ПОСЛЕДНИЙ ДЕНЬ ЦАРСТВОВАНИЯ ПЕТРА ТРЕТЬЕГО

Мирович видел суету, которая поднялась у пристани Ораниенбаумского дворца, когда к ней приблизилась государева яхта. Он видел, как огорчённый и поражённый событиями, робкий Пётр Фёдорович с Минихом и с Гудовичем, проехав на шлюпке по каналу ко дворцу, взошёл на берег, как он был бледен, как дрожали его щёки, руки и всё тело и как его добрые, усталые глаза беспокойно следили за группами голштинцев и дворцовых слуг, рассеянно спешивших к нему навстречу, пока Пётр Фёдорович проходил берег, отделявший Дворцовую пристань от моря.

Набережная и площадь перед дворцом гудели от переполнившей их разнообразной, смущённой толпы. Стало слышно, что государь заперся в своём кабинете, позвал вице-канцлера Голицына и послал с ним к императрице письмо, которое застало её у Стрельны. Не дождавшись через него ответа, Пётр Фёдорович написал карандашом второе письмо и послал его с гофмаршалом, генералом Измайловым. Впоследствии говорили, что чопорный и толстый, с большими ушами и губами, Измайлов встретил Екатерину на походе у Сергиева монастыря, откуда тогда же Панин, боясь, что Пётр поплывёт в Петербург, поскакал в столицу берегом с двадцатью четырьмя кавалергардами. Измайлов, встретив войско императрицы, быстро подъехал к ней, бросил поводья ординарцу и с картинной изысканностью, подав государыне пакет, стал перед новой Беллоной в дорожную пыль на колени. Пока Екатерина читала письмо, где Пётр Фёдорович выражал намерение кончить дни в мирном, философском от всяких дел уединении, для чего и просил отпустить его в Голштинию, Измайлов, с непокрытой головой, пыхтя и шевеля бровями, собирался с мыслями.

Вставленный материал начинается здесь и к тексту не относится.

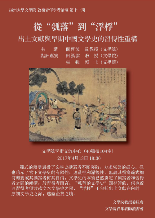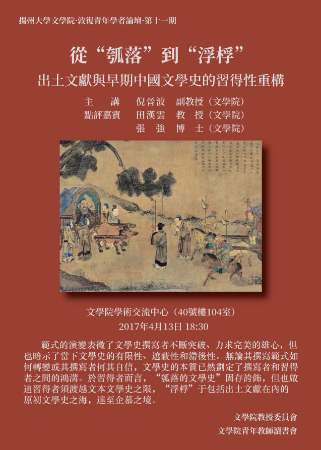 揚州大學文學院敦復青年學者論壇《從“瓠落”到“浮桴”出土文獻與早期中國文學史的習得性重構》(提綱)
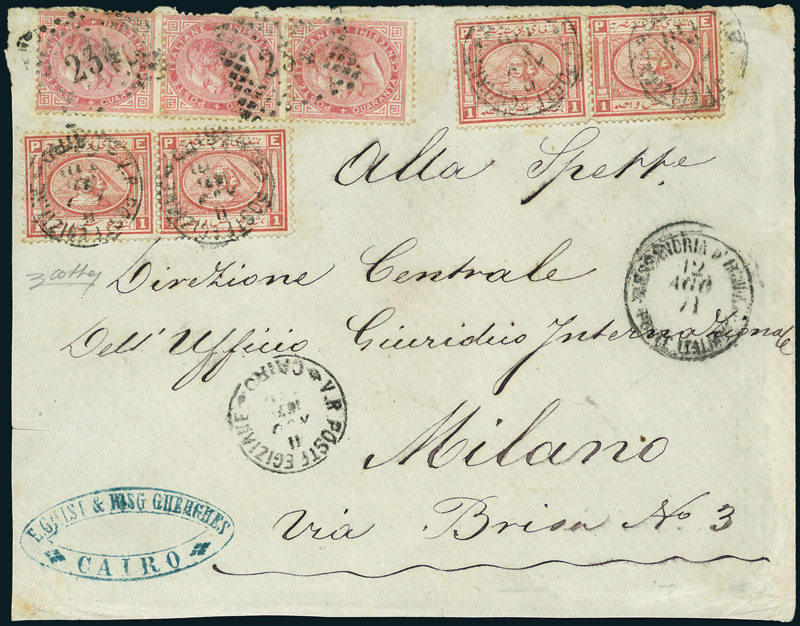 1863, frontespizio dal Cairo del 11.8.1871 per Milano, recante affrancatura mista composta da Egitto 1867-69 1 pi. rossa, quattro esemplari annullati con c.s. "V.R. Poste Egiziane/Cairo", e Regno 40 c. rosa carminio (L20), striscia di tre, col numerale a punti "234" dell'ufficio di Alessandria. Rarissima affrancatura mista con quattro porti egiziani e tre italiani. Cert. Colla.
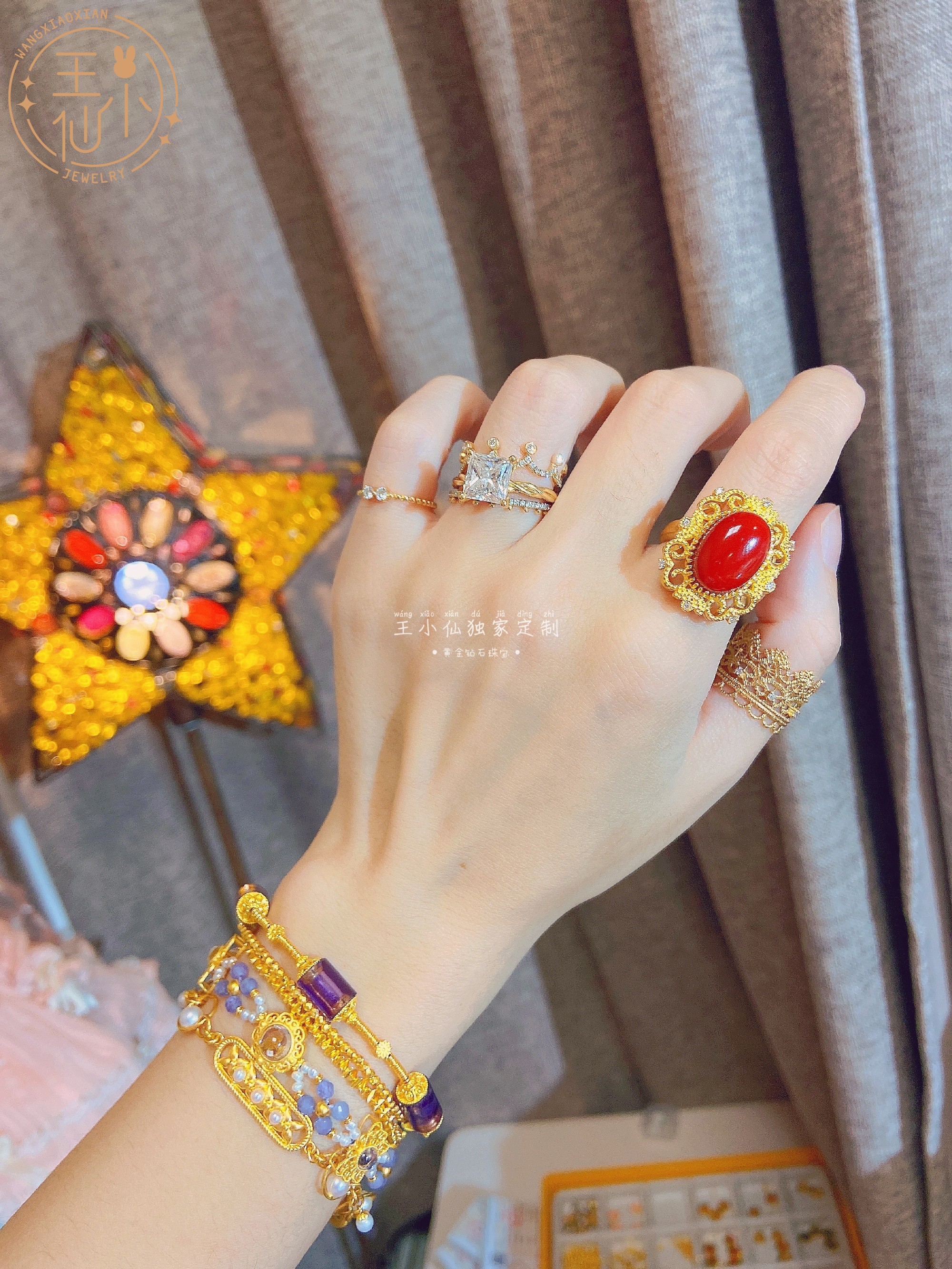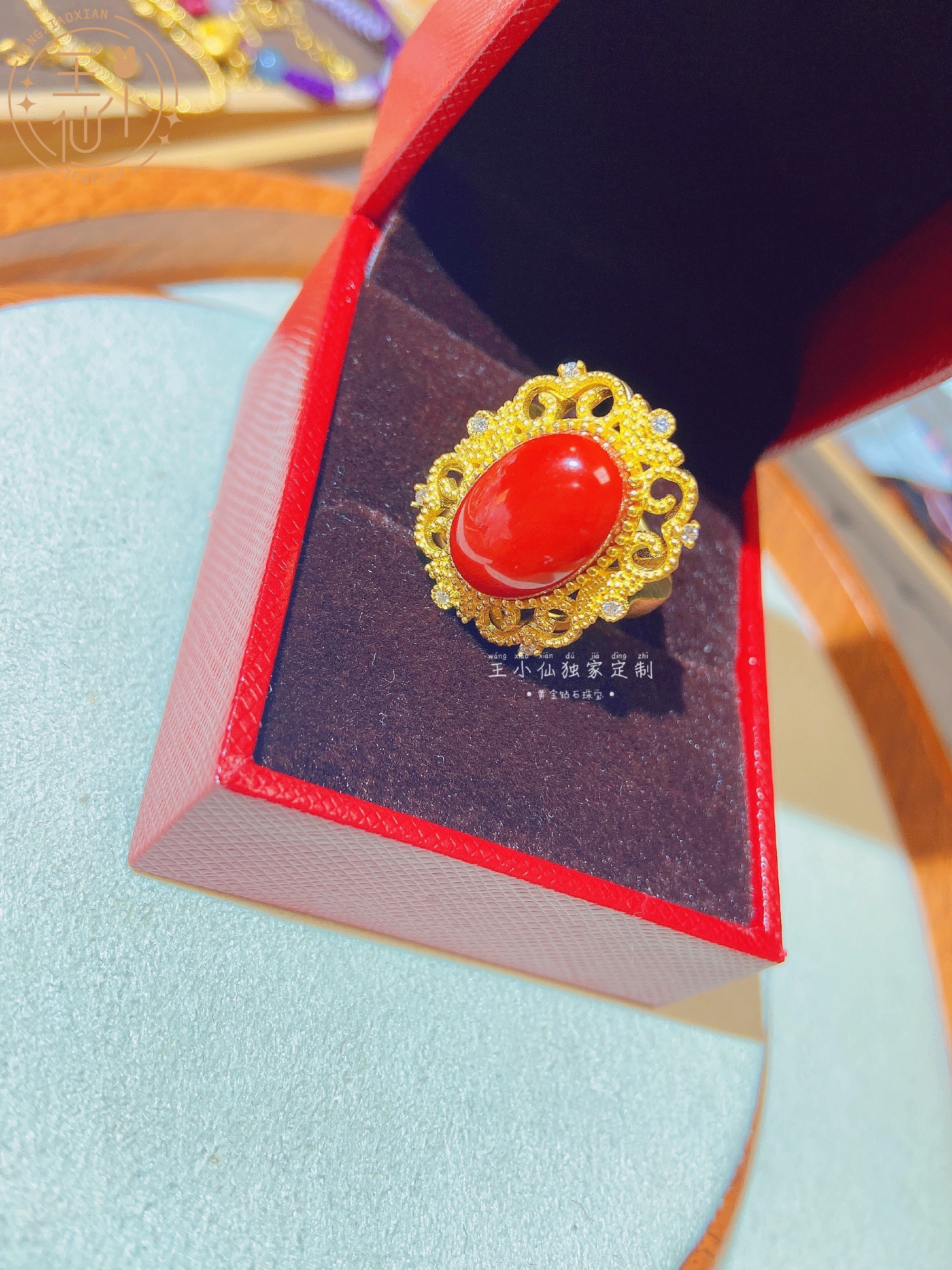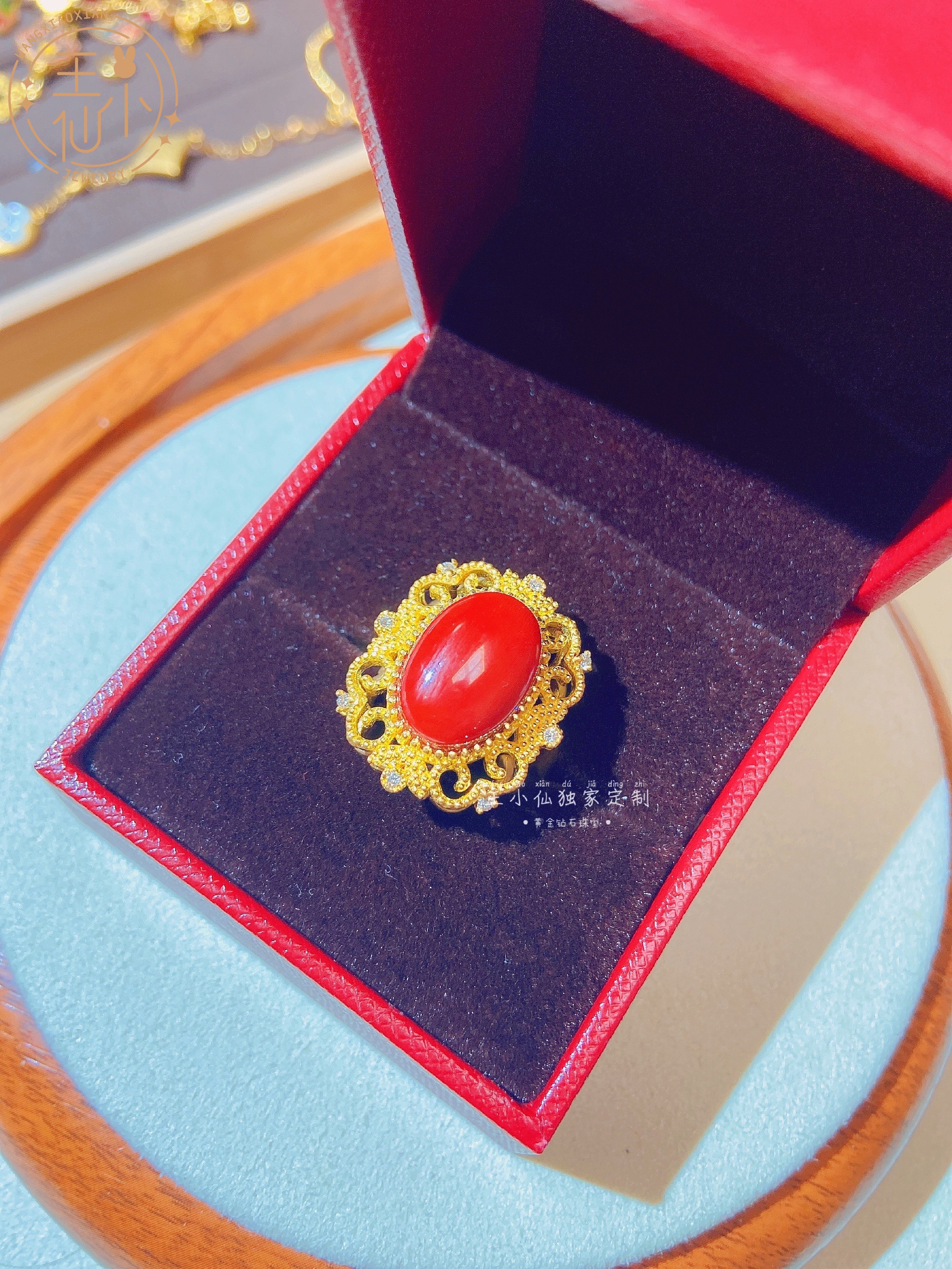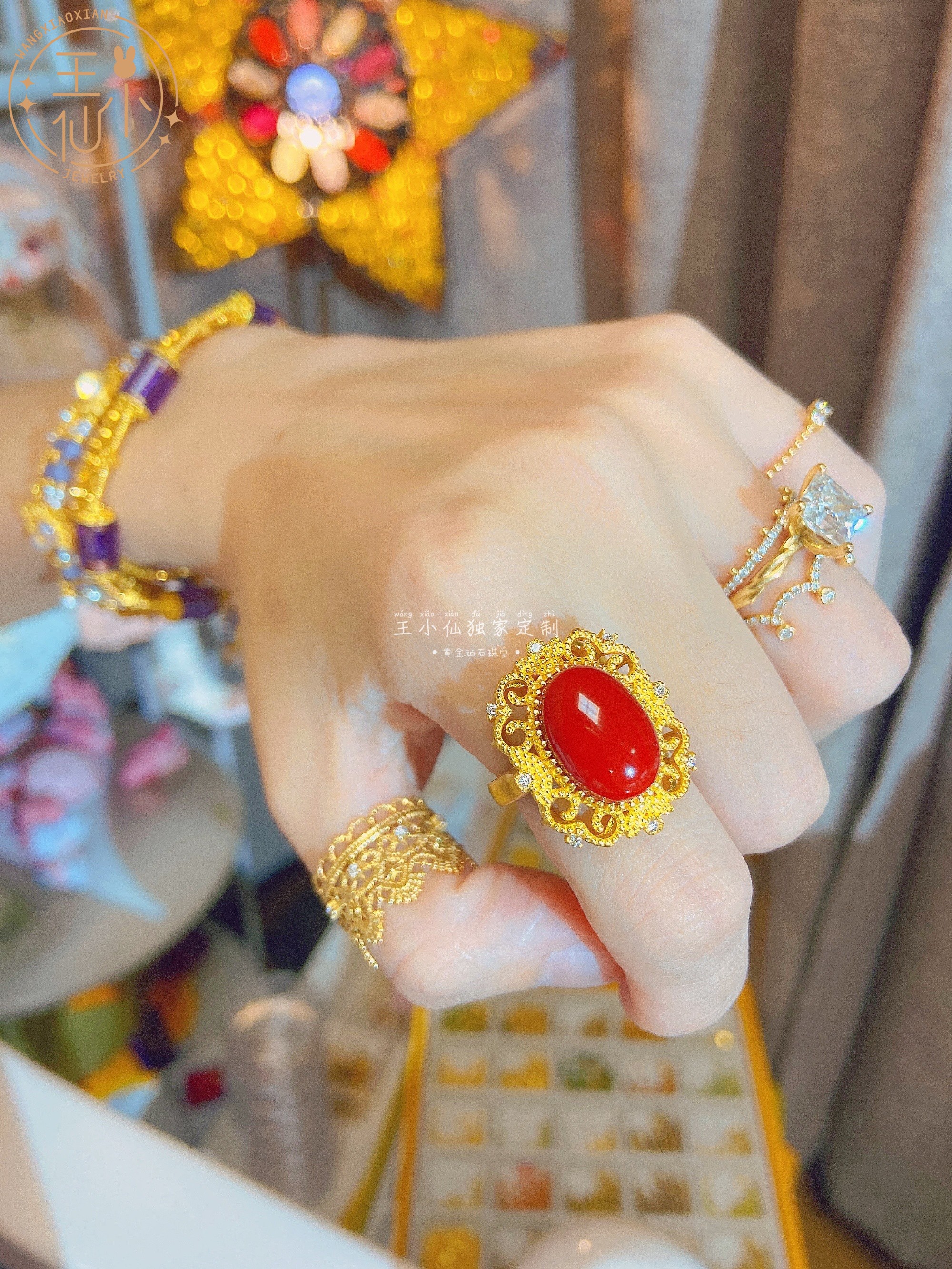 999足金 传承古法金 宫廷花丝 红宝钻石镶嵌 黄金戒指
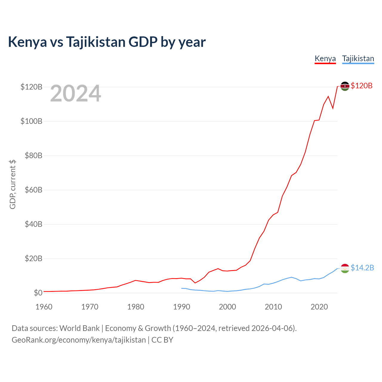 Kenya has a GDP of $120B compared to $14.2B for Tajikistan, ranking 64/197 and 145/197 by economy size, respectively.
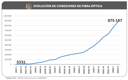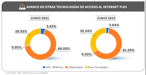 De otro lado, se confirma el crecimiento sostenido del acceso a internet a través de otras tecnologías, que sumó 1 120 845 conexiones a junio de 2022, lo que representó un crecimiento de 38.1 % respectó al mismo mes de 2021.
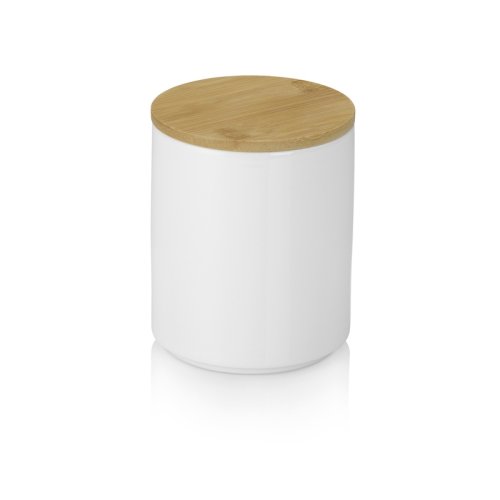 Úložné dózy Cady sú vyrobené z keramiky a majú bambusové veko so silikónovým tesnením pre spoľahlivé uzavretie. Týmto variantom je biela verzia s objemom 1 l.- Keramika s bambusovým vekom- Výška 15 cm- Priemer 12 cm- Objem 1000 ml
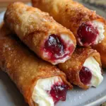 Cherry Cheesecake Egg Rolls are a delicious fusion of cheesecake and cherry pie filling, encased in a crispy egg roll wrapper.
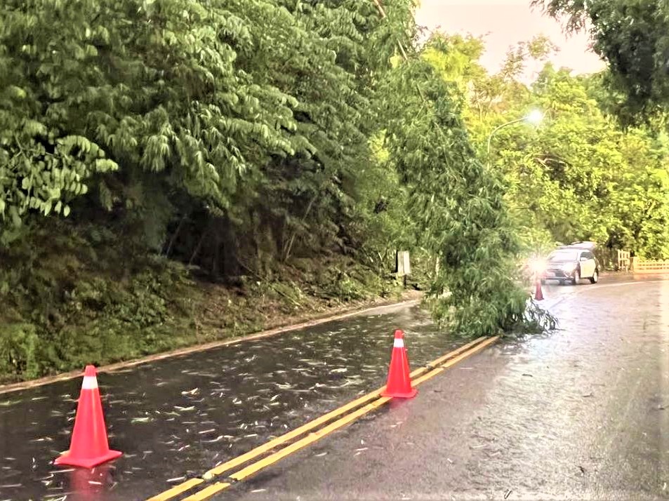 〔記者呂昭德/嘉義市報導〕嘉義市政府警察局第二分局長竹派出所警員詹茗翔日前擔服備勤勤務時,接獲勤務指揮中心通報,有民眾於行經環潭公路時,發現有路樹倒塌在道路上,影響車輛通行,警方獲報後遂立即趕赴現場處置,並於第一時間擺放交通錐警戒實施交通管制,同時通報嘉義市政府環保局前來清除。。
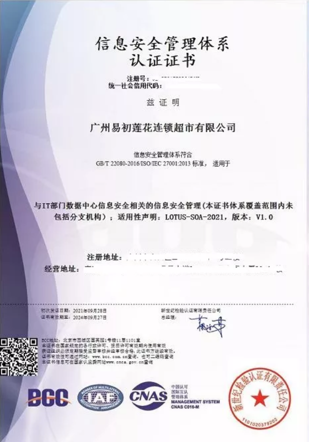 本次獲得BCC頒發(fā)的信息安全管理體系認證證書,標志著廣州易初蓮花在識別信息安全風(fēng)險,減少可能存在的信息安全隱患,提升員工信息安全意識,實現(xiàn)良性發(fā)展方面又邁進一步!
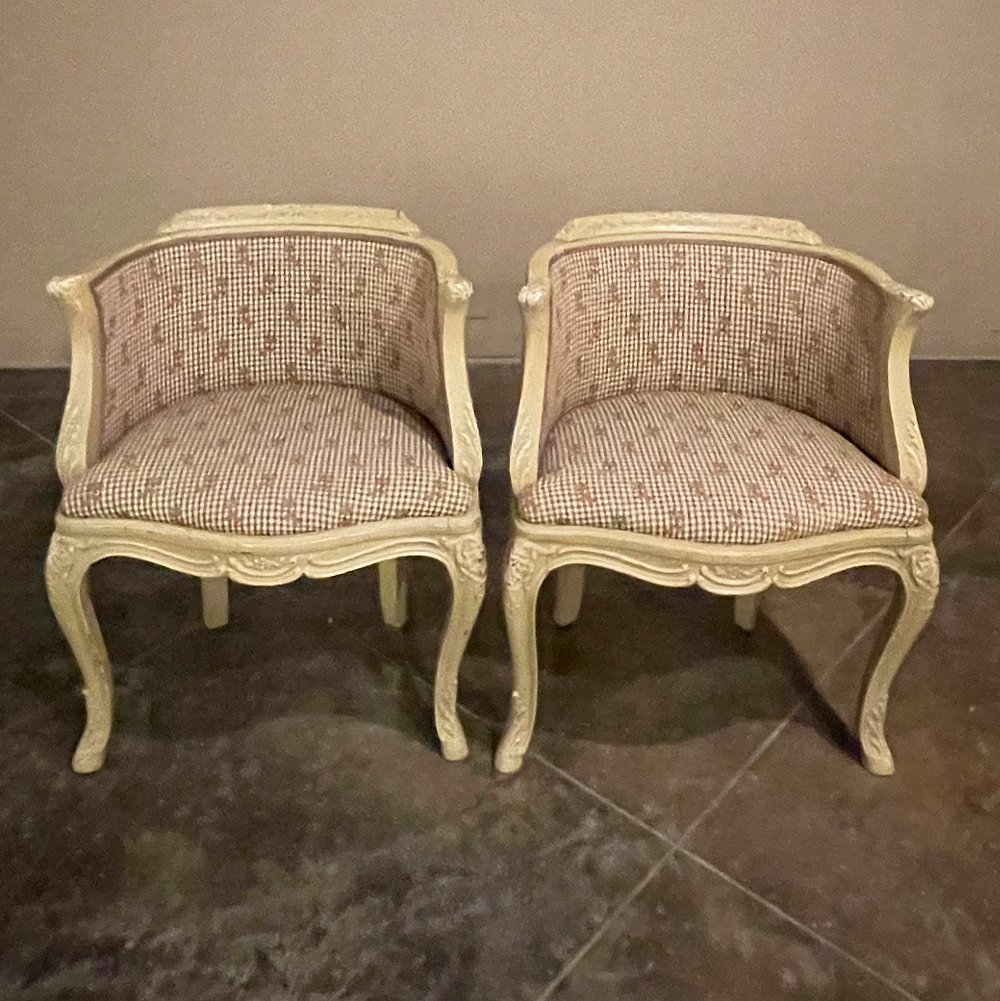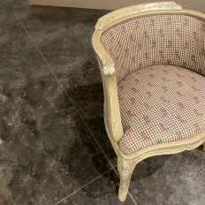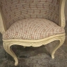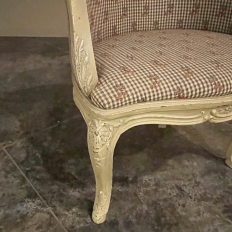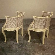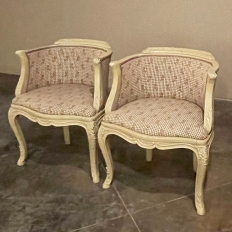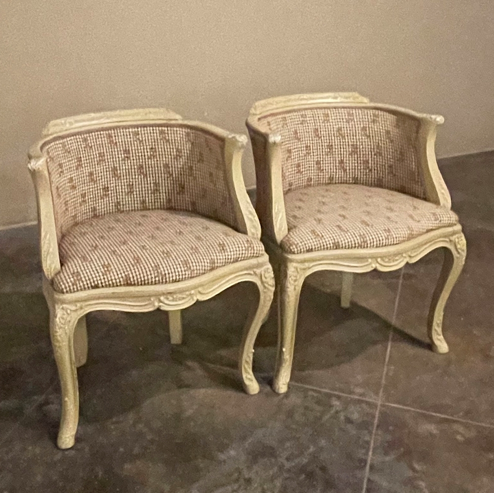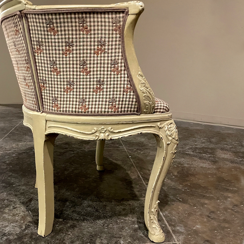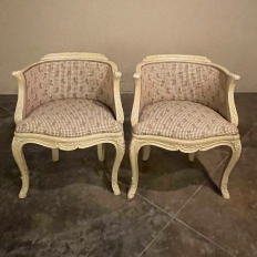 SalePair Antique French Louis XV Painted Bergeres ~ Armchairs will add a delightful accent to your interior decor, plus surprisingly comfortable occasional seating. Featuring a wraparound seatback that transitions into the armrests, the seatback is fully upholstered to match the seat, all in a durable, earth-toned tapestry fabric. The painted finish has achieved a lovely patina with just the right amount of distressing to accentuate the carved detailing which includes various floral, foliate and shell motifs from the seatback crown to the tips and bases of the armrests, to the apron and beautifully scrolled cabriole legs below. Even the backs are fully upholstered making this pair an excellent choice for placement in the center of the room, if so desired!
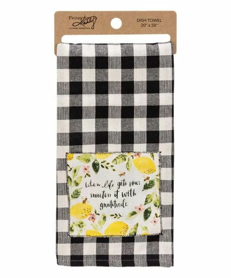 Absorbent all-cotton dish towel featuring versatile colors and an inspirational graphic.
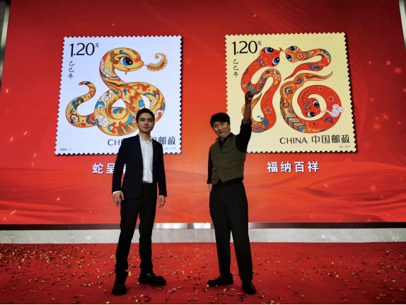 张旺(右)在蛇年邮票发布会上
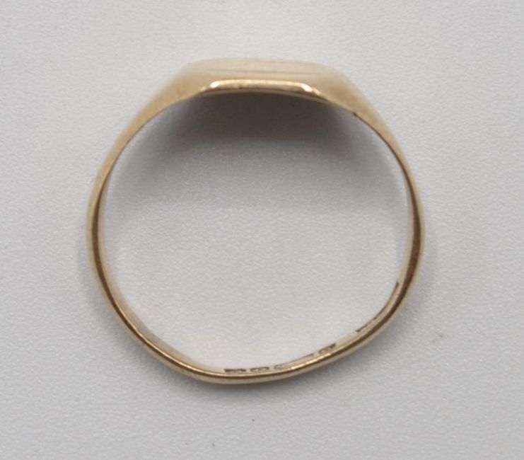 A hallmarked 9ct gold signet ring having a square head with an engraved panel. Hallmarked Birmingham 1963. Weight 1.8g. Size K.
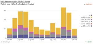 V říjnu zaznamenala společnost cmETH konzistentní objemy obchodů ve svých poolech likvidity, přičemž během prvních dvou týdnů došlo k výraznému nárůstu.

– Считаете ли вы меня, о монархиня, за честного человека? – спросил он, когда Екатерина прочла письмо.

– Считаю.

– Коль великое счастье служить умникам! – произнёс, ударив себя в грудь, Измайлов. – Дозволяете ли, повелительница?.. Дозволяете ли?.. Я упрошу государя формально отречься от престола, более того: даю слово – беспродлительно привезти его к вам. Этим отвратятся коловратства, всякий алярм и бедствия грозящей междоусобной войны. Уполномочиваете ли меня на это?

– Охотно, – ответила Екатерина.

Измайлов отвесил глубокий поклон, сел на коня, поднял его в галоп, но, отъехав несколько шагов, опять возвратился.

– Ваше величество! – сказал он, пригнувшись с седла перед Екатериной. – Могу ли рассчитывать на одно, из особой аттенции не в пример прочим, милостивое внимание?..

– В чём дело, генерал?

– Могу ли всерабственно уповать на уступку мне, токмо из крайности и лишь для поддержки сносной жизни, села Деднова, на Оке?

– Усердные и любезно верные нам слуги могут всегда быть обнадёжены нашими милостями.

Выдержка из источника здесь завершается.